Print only the lines below from the one with "LePinces d'extrémité deAigrette" to the one with "CONTAINS: 30 individually", both included, exactly as they stand. Leave pictures out.

Start of Given data

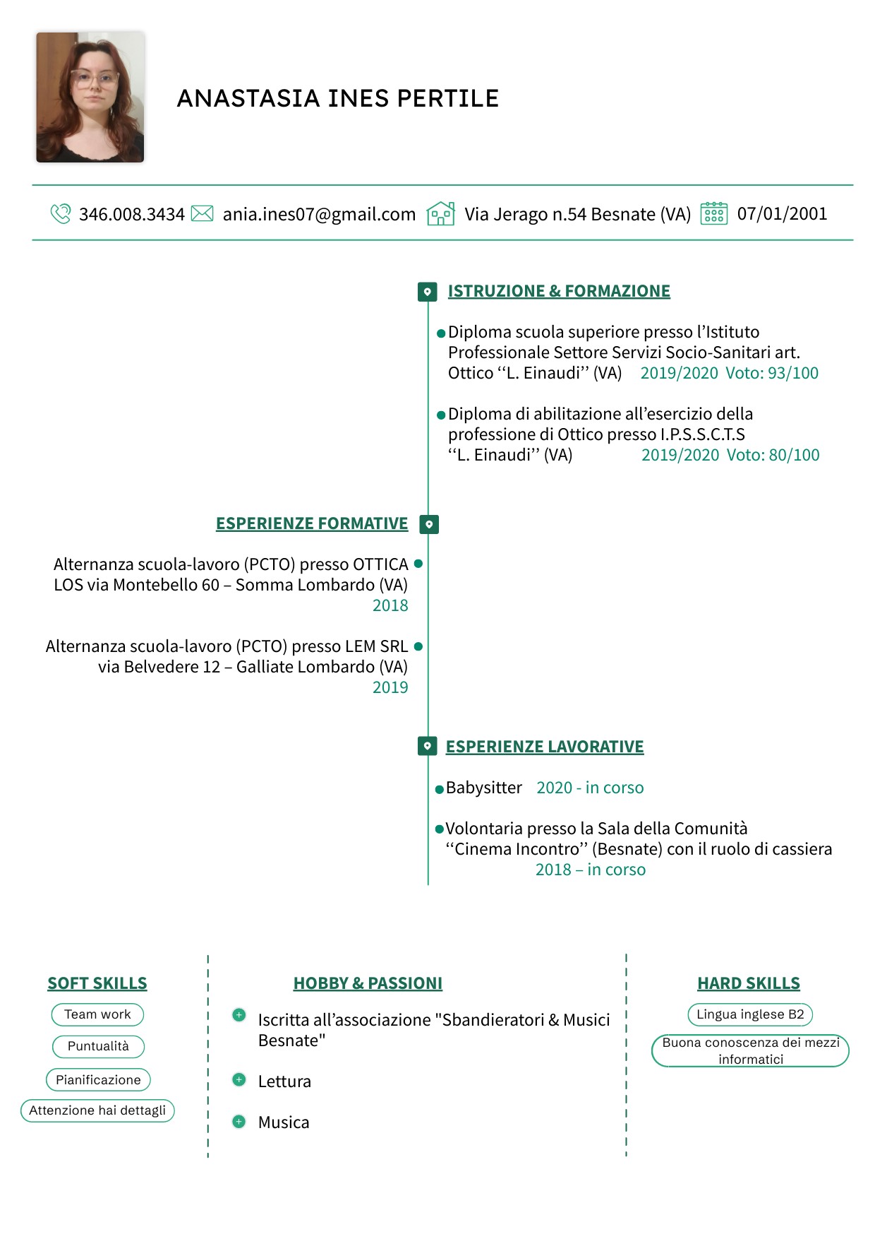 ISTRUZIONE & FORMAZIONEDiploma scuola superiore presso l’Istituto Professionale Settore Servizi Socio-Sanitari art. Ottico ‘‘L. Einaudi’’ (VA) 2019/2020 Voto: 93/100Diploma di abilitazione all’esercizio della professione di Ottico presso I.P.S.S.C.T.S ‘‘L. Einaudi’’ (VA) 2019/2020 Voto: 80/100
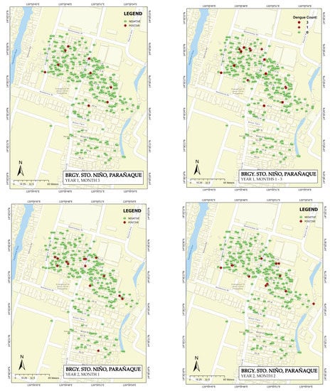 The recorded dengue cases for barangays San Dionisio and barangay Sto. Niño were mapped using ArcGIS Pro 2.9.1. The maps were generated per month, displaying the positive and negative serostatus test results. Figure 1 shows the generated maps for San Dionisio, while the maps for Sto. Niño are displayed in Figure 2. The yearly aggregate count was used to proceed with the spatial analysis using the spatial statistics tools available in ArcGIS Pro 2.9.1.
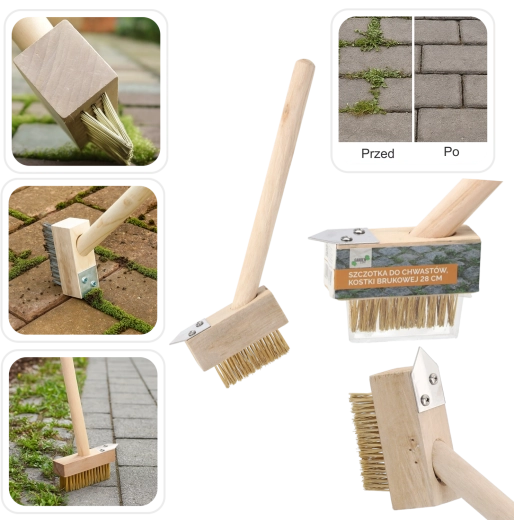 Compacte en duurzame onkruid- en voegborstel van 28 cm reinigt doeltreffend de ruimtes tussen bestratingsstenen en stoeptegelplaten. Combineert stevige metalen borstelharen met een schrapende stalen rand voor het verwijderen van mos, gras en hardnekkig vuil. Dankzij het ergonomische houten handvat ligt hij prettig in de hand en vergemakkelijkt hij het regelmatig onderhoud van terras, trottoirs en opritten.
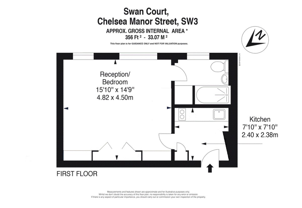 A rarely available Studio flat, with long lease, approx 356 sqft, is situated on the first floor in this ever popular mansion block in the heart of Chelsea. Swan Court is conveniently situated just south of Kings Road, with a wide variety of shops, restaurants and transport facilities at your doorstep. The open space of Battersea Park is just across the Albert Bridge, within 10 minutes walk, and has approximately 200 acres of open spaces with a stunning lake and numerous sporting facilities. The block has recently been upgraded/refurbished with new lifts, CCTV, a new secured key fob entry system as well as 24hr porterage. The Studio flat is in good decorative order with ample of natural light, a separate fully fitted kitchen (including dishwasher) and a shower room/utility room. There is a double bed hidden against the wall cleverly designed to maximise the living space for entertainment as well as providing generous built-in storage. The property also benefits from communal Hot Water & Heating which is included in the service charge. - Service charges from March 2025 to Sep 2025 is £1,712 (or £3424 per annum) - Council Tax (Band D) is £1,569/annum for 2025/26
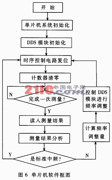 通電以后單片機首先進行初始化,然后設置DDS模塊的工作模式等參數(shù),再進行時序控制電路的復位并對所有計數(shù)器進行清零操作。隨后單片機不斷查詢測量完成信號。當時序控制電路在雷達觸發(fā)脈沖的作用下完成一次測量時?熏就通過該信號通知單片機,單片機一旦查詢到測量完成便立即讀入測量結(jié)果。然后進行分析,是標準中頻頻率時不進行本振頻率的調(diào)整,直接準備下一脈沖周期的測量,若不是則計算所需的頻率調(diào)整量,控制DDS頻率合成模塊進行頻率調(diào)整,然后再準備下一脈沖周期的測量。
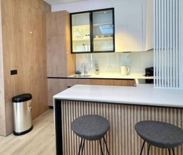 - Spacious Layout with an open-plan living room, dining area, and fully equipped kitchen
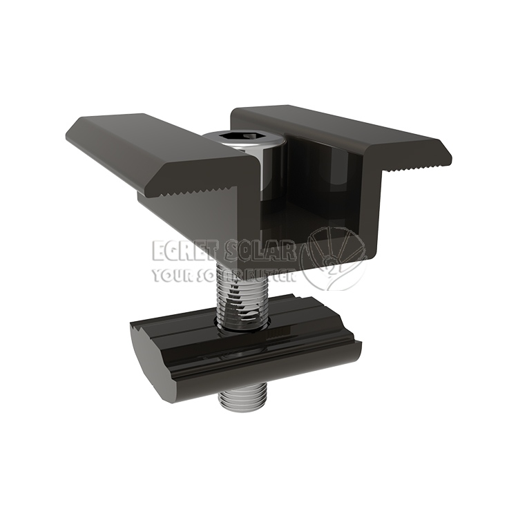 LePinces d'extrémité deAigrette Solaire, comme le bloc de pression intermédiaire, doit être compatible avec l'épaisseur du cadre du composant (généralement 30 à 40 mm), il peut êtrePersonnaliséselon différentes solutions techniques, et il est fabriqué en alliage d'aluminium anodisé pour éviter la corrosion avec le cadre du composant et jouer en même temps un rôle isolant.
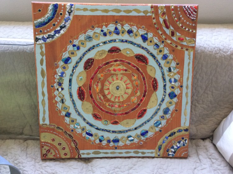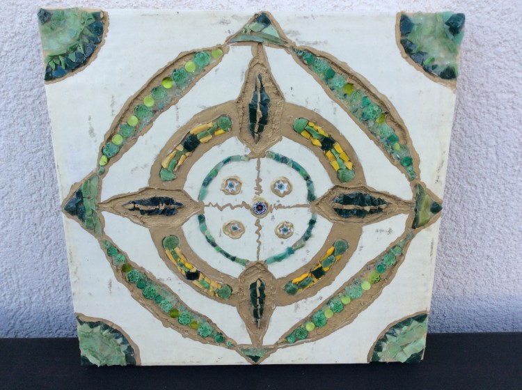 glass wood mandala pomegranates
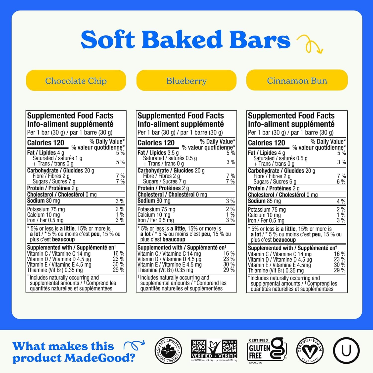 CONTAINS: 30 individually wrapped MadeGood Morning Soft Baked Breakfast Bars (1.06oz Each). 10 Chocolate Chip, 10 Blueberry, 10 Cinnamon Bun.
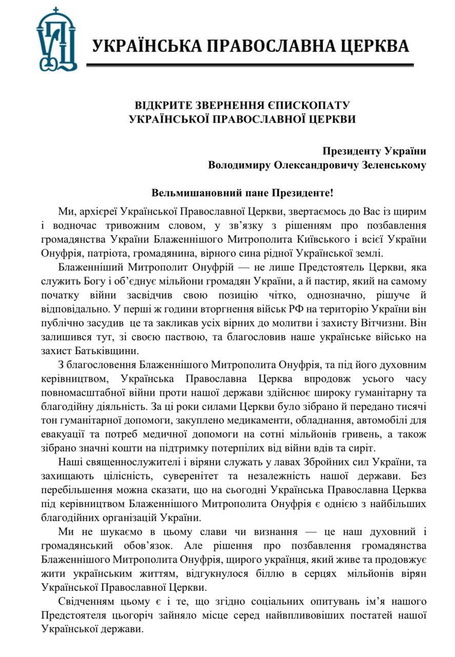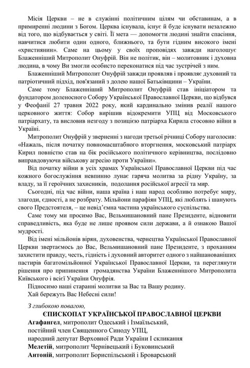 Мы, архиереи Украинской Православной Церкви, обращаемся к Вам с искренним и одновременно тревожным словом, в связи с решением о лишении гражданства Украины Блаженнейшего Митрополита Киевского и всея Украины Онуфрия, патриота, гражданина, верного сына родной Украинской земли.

End of Given data
Start of Given data

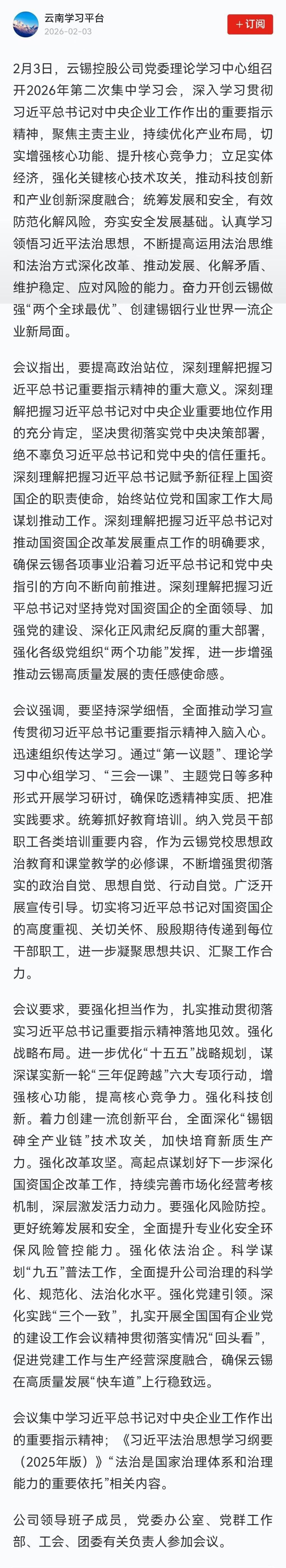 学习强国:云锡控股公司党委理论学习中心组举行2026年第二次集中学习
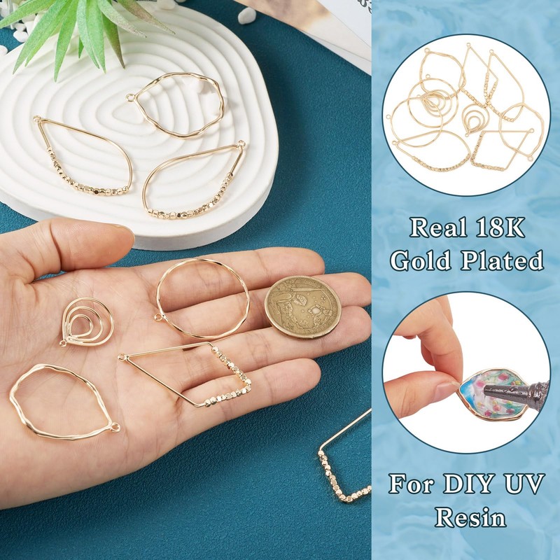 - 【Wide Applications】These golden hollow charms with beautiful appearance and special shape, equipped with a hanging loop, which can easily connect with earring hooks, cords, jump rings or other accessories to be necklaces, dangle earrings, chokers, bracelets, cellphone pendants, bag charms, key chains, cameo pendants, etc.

End of Given data
Start of Given data

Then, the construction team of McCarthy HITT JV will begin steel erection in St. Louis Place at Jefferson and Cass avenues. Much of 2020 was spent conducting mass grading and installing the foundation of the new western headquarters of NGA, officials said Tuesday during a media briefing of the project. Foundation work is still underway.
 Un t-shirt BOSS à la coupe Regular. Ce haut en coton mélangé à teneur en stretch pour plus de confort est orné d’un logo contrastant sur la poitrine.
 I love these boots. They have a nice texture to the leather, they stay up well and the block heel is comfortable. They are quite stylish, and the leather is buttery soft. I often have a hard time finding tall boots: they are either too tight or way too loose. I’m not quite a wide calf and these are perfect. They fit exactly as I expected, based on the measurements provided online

End of Given data

▶ Finished task
 LePinces d'extrémité deAigrette Solaire, comme le bloc de pression intermédiaire, doit être compatible avec l'épaisseur du cadre du composant (généralement 30 à 40 mm), il peut êtrePersonnaliséselon différentes solutions techniques, et il est fabriqué en alliage d'aluminium anodisé pour éviter la corrosion avec le cadre du composant et jouer en même temps un rôle isolant.
 glass wood mandala pomegranates
 CONTAINS: 30 individually wrapped MadeGood Morning Soft Baked Breakfast Bars (1.06oz Each). 10 Chocolate Chip, 10 Blueberry, 10 Cinnamon Bun.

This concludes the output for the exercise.